But something unexpected happened. Oregon’s electricity use jumped.
Data centers, lured by billions of dollars in local tax breaks, turned everything upside down. While consumer and commercial power demand has remained relatively constant for more than a decade, big tech companies have sent electricity consumption soaring from one side of the state to the other.
Power planners say that’s only the beginning. They expect artificial intelligence to trigger a massive increase in power use at new and existing data centers in the years ahead.
The huge uptick coincides with Oregon’s mandate that utilities switch from fossil fuels to renewable energy sources. That leaves fewer options for meeting the surging demand.
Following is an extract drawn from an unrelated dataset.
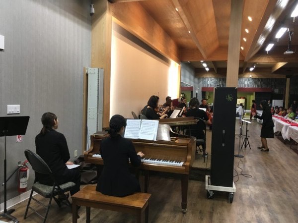올해 결성된 스윙 앙상블(SWING Ensemble – String and Wind in God)이 처음 한인회관에서 공연을 해주었다. 스윙 앙상블은 이윤주 선생을 지휘자로 모시고 피아노반주자와 박태규씨를 포함 바이올린 연주자 3분, 문순원 전 장학재단 이사장이 참여한 첼로 2분, 전원 여성인 플룻 3분, 클라리넷 1분, 그리고 객원 가수 1분으로 구성된 에드먼턴 최초 한인 클래식 연주단이다.

Complicating matters, climate change has transformed the way Oregonians use electricity. Many more homeowners are installing air conditioning to cope with sweltering summer temperatures and people are turning up the heat amid extreme winter storms.
This is part one of a series about the ability Oregon’s largest electric utilities to meet the interlocking challenges of decarbonizing the grid while maintaining affordable and reliable service.
Part 1: The region’s soaring energy demand coupled with supply constraints could spark a new power crisis
Part 2: Utility progress toward looming green power mandates has been slow, throwing doubt on their ability to meet the targets and adding to the costs
Part 3: Will consumers, already struggling with steep utility rate increases, pay for Oregon’s climate ambitions, data center boom? Can new legislation, dubbed the Power Act, shield customers from surging electricity costs?
Part 4: There are possible solutions to Oregon’s looming energy crisis, but many are expensive or unproven — and nearly all would take years to implement.
A new study commissioned by regional utilities concluded that within five years, the Northwest may need nine gigawatts more than it currently has the capacity to provide. That is an immense amount of energy, roughly equal to all the electricity Oregon uses today.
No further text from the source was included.